I was having a very hard week last week, I was sad, lonely and depressed. Casey was out of town on business and Alex and I were both sick. I also realized that I really don’t have as many close friends as I thought, and none of them can even come close to relating since they are all single and childless. It can be really frustrating to realize that you’re basically alone in the friendship department. The friends I do have, really don’t seem to count our friendship as dear or as important as I do. I felt neglected and alone. Plus I think I was PMSing. :O)Then comes Saturday and I am at an event listening to a fabulous person speak and she asks us if we are surrounding ourselves with the people we most want to be like. My answer was No. I don’t want to be single, or childless, or different then me, but that is what all my friends are. I like being a mother and wife. She said that some people experience inner conflict when their real lives and the lives of those around them do not mesh. No wonder I have been upset! I kept trying to compare my fabulous life to these singletons, and was frustrated.
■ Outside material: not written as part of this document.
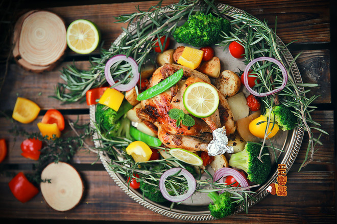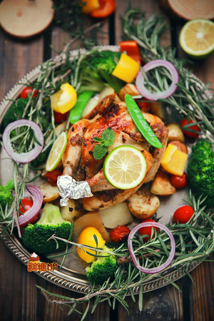 森林系餐桌最重要的就是使用大量蔬菜,色彩丰富,造型随意,所有的蔬菜都像是不经意放上的,但每个都是精心摆的,首先将西兰花煮熟,选五朵围绕烤鸡摆放,新鲜迷迭香和百里香洗净,围绕烤鸡盘在四周,彩椒切块,随意摆放小西红柿点缀其中;洋葱切成洋葱圈,两三个均匀搭在盘子上,青柠檬切片,摆放在烤鸡上面,荷兰豆煮熟于烤鸡上面,最后一小片薄荷叶放在正中~~造型完成~很像圣诞花环~~

So I spent the rest of my weekend being happily aware that I am married and a mommy. I will still keep my single friends as friends, but I need to find some Moms to bond with. Because honestly how much is a singleton going to relate to Rotavirus or potty training triumphs when they only have bars, cosmos, and single lives in mind. Some day maybe we will be able to connect on those topics, but for now I am not expecting much any more. That just might be the trick.

Talk to you all soon! Love and Huggles and mommy vibes to all that need them.